NAC restore operation when having issue

Da ICS16 · ‎02-02-2024

Dear Community,

We are planning to create NAC - restoration operational guideline when NAC nodes have issue and cannot resolve on time.

Here are four use cases we consider to preparing guideline.

1. ISE server crash - how to prepare step by step to resolve this case and ensure no impact to operations?

2. Network device configuration - how to bypass on switch level and how to backup / restore switch on ISE dashboard?

3. SSL / self-signed certificate compromise - how to prevent it and fix it?

4. All ISE servers completely down - how to bring it up immediately?

Remark.

- We use ISE 3.1

- Using Cisco switch Cisco c9200L

- There are three deployment nodes ( PAN, Secondary Node and pxGRID node )

Highly appreciated for your supporting and advise if you could share good practice with document support your real practice experiences.

Best regards,

Ruben Cocheno · ‎02-02-2024

@Da ICS16

1. ISE server crash - how to prepare step by step to resolve this case and ensure no impact on operations?
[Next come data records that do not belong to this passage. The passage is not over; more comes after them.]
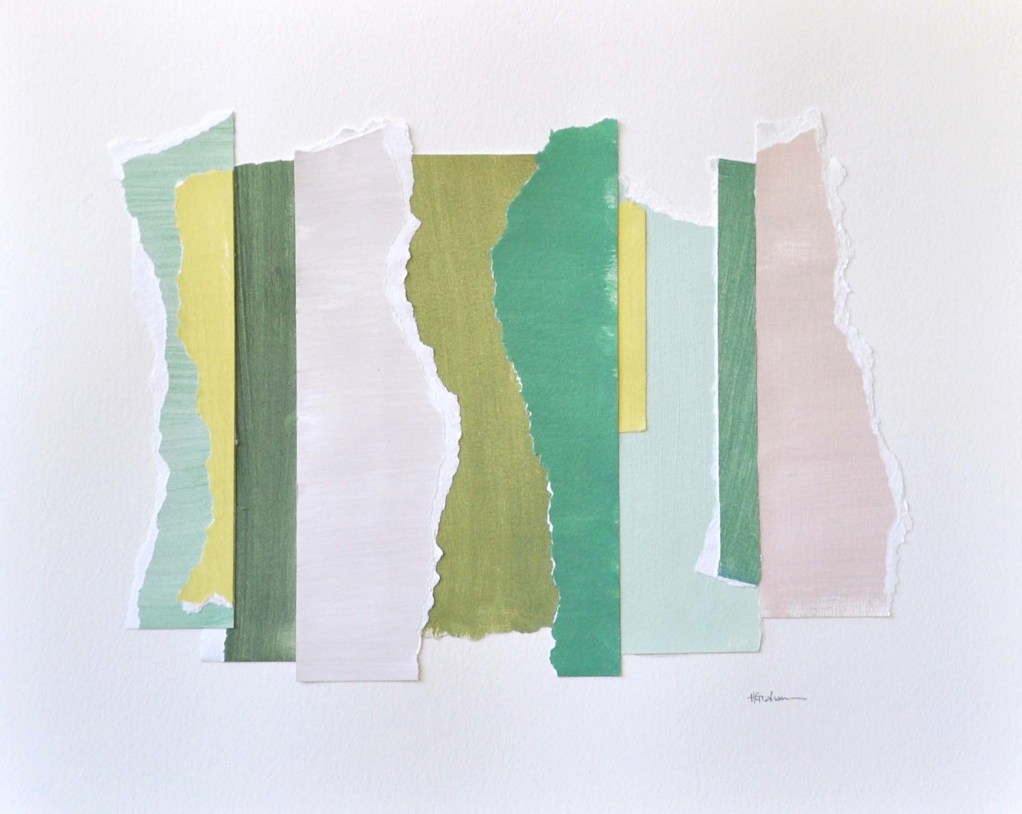 I have been having a great time making my torn paper collages recently. They are a great study in color and texture. Painted papers are currently covering my studio floor — it’s an organized chaos! This series is all about creating a visual music based on memories. Each piece creates a rhythm of its own through the interactions of color and space.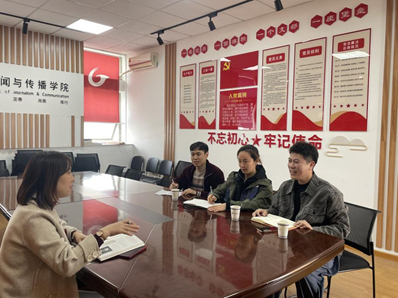 3月15日,437ccm必赢国际版舞蹈表演党支部书记王云辰和支委成员金迪、刘子涵赴新传学院进行国家样板支部建设学习交流。新传学院新闻与播音主持党支部书记张荻介绍了该样板党支部建设情况,随后,双方围绕党支部建设规划、文化墙装饰、党日活动开展等方面进行了交流和探讨。学习交流结束后,王云辰带领支委成员召开支委会对此次学习收获情况进行总结,并研究党支部建设工作。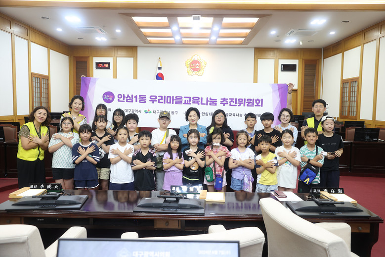 [대구 세계타임즈=한윤석 기자] 대구시의회는 8월 7일(수), 안심1동 우리마을교육나눔위원회 학생 20명을 시의회로 초대해 의사당 본회의장에서 의회의 역할과 기능을 설명하고, 본회의장의 시설을 체험하는 시간을 가졌다.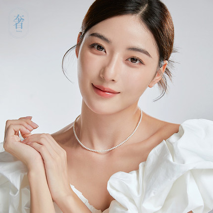 奢珠极光无暇淡水baby珠珍珠项链锁骨链S925银官方旗舰店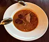 Fabada Espanola ($11), the lone soup on the menu, is a traditional Spanish dish made with white beans and chorizo. Served in a wide, shallow bowl, Debajo’s version was more stew than soup, with a few medallions of chorizo looking almost purple against the rust-red-colored broth. A piece of jamón serrano, a dry-cured ham with a nutty flavor, rose out of the middle like a sail. Hearty, smoky and peppery, the soup was filling and satisfying, if a touch underheated.

Call TAC

2. Network device configuration - how to bypass on switch level and how to backup / restore the switch on the ISE dashboard? You have to Disable NAC if you can't have it operational in time, and resolution takes more than expected.

3. SSL / self-signed certificate compromise - how to prevent it and fix it? Track your certs and keep them "secret" and managed only by certain staff

4. All ISE servers are completely down - how to bring it up immediately? You need to make sure you have enough resiliency across your infra to avoid this scenario, and there is no bulletproof Design

Tag me to follow up.
Please mark it as Helpful and/or Solution Accepted if that is the case. Thanks for making Engineering easy again.
Connect with me for more on Linkedin https://www.linkedin.com/in/rubencocheno/

Aref Alsouqi · ‎02-02-2024

You didn't mention where you will have the PSN personas and how many you will have. PSNs are essentials and crucial in your network. All the authentication, authorization, web authentication, profiling, etc are managed by the PSNs. If the PSN is residing on a separate node, and the primary or the secondary PAN, or even pxGrid should crash you won't be really affected unless you are using services that would rely on the primary PAN.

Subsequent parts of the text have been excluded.